Health
WHO Declares COVID-19 No Longer Remains A Public Health Emergency Of International Concern
The World Health Organization (WHO) on Friday declared COVID-19 is no longer a public health emergency of international concern, reported Reuters. It said that the virus, which took the lives of millions of people in a span of three years.
It is “with great hope that I declare Covid-19 over as a global health emergency”, WHO chief Tedros Adhanom Ghebreyesus told reporters.
The UN health agency first declared COVID-19 public health emergency of international concern (PHEIC) over the crisis on January 30, 2020.
According to the WHO, at least seven million people died in the pandemic. But, Mr. Tedros estimated that the pandemic had killed at least 20 million people, nearly three times the fewer than seven million deaths officially recorded and he warned that the virus remained a significant threat.
The announcement that Covid-19 was no longer a public health emergency was made after the WHO’s independent emergency committee on the COVID-19 crisis meeting on Thursday. The committee finally decided that the health crisis no longer needs to be merited the highest level of alert.
Tedros, however, warned that the declarations did not mean the danger was over.

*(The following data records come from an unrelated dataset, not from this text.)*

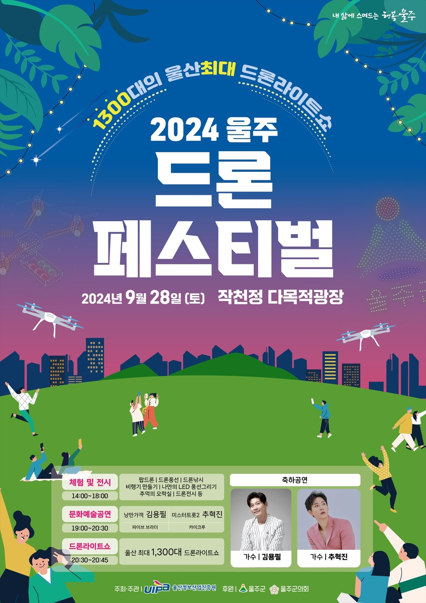 이외에도 드론 특구로 지정된 울주군에서 운용하는 최첨단 드론 기체 전시, 프리마켓, 푸드트럭 존 등 풍성한 즐길 거리가 준비된다.
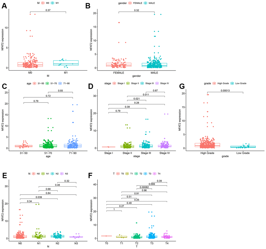 Analysis of the clinical data extracted from TCGA found that the expression of NFAT2 had no relevance to the M stage, stage, gender, and age of the tumor (Figure 4A–4D). For N stage, only N0 and N2 had a significant difference, but there was no continuous significance from N0 to N4. It indicated that NFAT2 and N stage were not closely connected (Figure 4E). The same result also appeared in the T stage (Figure 4F). Surprisingly, in the classification of the BLCA tumor grades, NFAT2 expression in high-grade groups was significantly higher than in low-grade groups (Figure 4G).
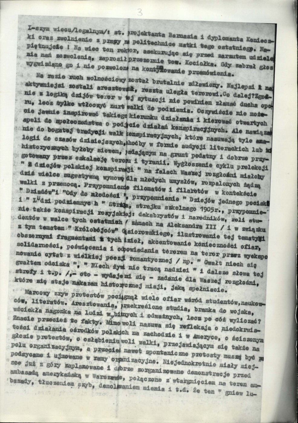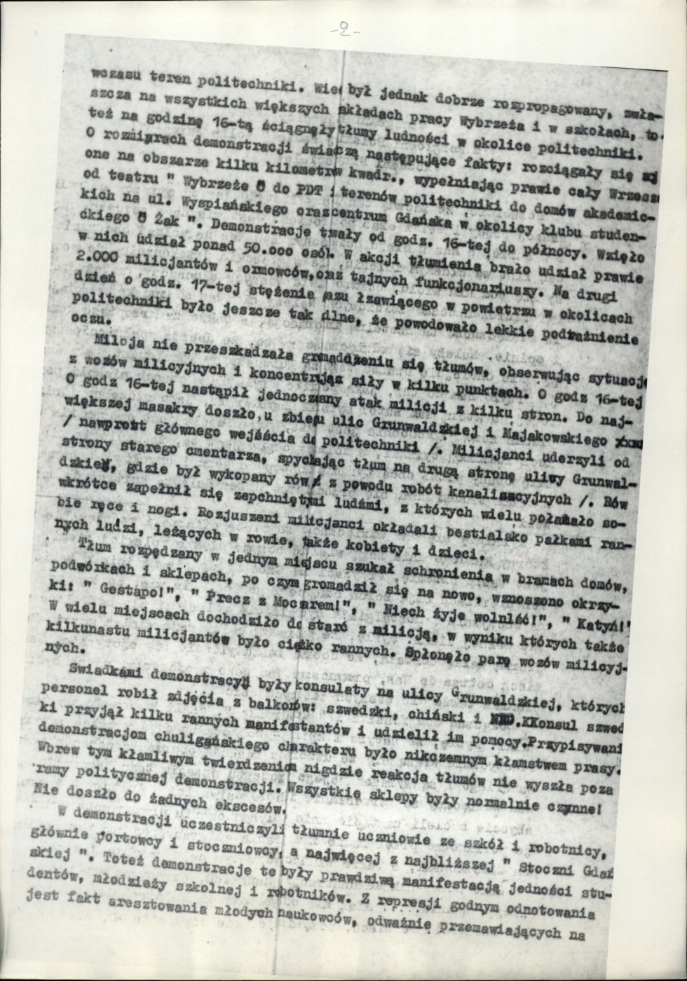 z opisem wydarzeń marcowych w Gdańsku. Pomimo wszczęcia śledztwa, autora listu nie ustalono. Ze zbiorów AIPN Gd (sygn. IPN Gd 75/17)
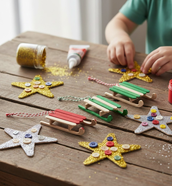 - Producción: Para construir un pequeño trineo, une dos palitos cortos en la parte inferior como patines y cuatro o cinco palitos de forma horizontal. Usando un conjunto de colores festivos (rojo, verde y blanco), pinta y agrega una pequeña porción de cordel para colgar. Para hacer una estrella, solo tienes que pegar cinco palitos, de manera que se asemejen a la silueta de una estrella de cinco picos, y adornarla con purpurina o botones.
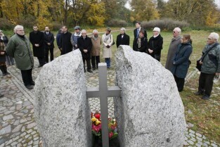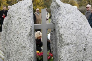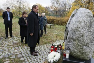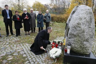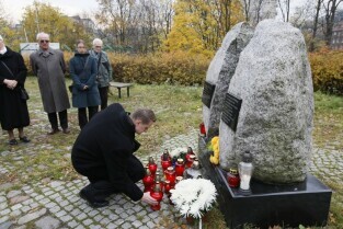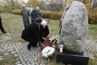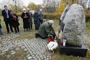 Zapalenie zniczy pod pomnikiem Ofiar Tyfusu. Gdańsk, park Grodzisko. Nz. gdański radny Marek Bumblis
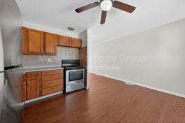 Step inside and enjoy a sun-filled living area with beautiful flooring and a layout that feels open and welcoming. The kitchen features warm wood cabinetry, stainless steel appliances, and plenty of counter space, making it perfect for both everyday meals and weekend cooking.
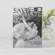 Elegant, modern, minimalistisk design för bröllopsinbjudan med 'Save the Date'. Vänligen anpassa texten, i redigeringsläge kan du ytterligare ändra enligt dina önskemål. Svart och vitt platshållarbild ska ersättas med din egen. Baksidan hänvisar till att kontrollera brölloppswebbplatsen, så vänligen ändra till din egen webbplats, där du kan inkludera mer detaljer och information.

He said the health body could reinstate the emergency status if the situation changes. He cautioned that a lot of countries have slowed down testing and tracing efforts, making it more difficult to track known variants and detect new ones.

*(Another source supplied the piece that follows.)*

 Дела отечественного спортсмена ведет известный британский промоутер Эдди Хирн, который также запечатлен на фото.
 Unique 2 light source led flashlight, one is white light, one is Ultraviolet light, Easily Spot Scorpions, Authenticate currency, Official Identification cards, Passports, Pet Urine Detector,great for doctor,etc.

“The worst thing any country could do now is to use this news as a reason to let down its guard, to dismantle the systems it has built, or to send the message to its people that COVID-19 is nothing to worry about,” he said.
Last week, the WHO said that the number of coronavirus deaths globally had dropped 95 percent since January this year, but the deadly virus still killed 16,000 people worldwide last month alone.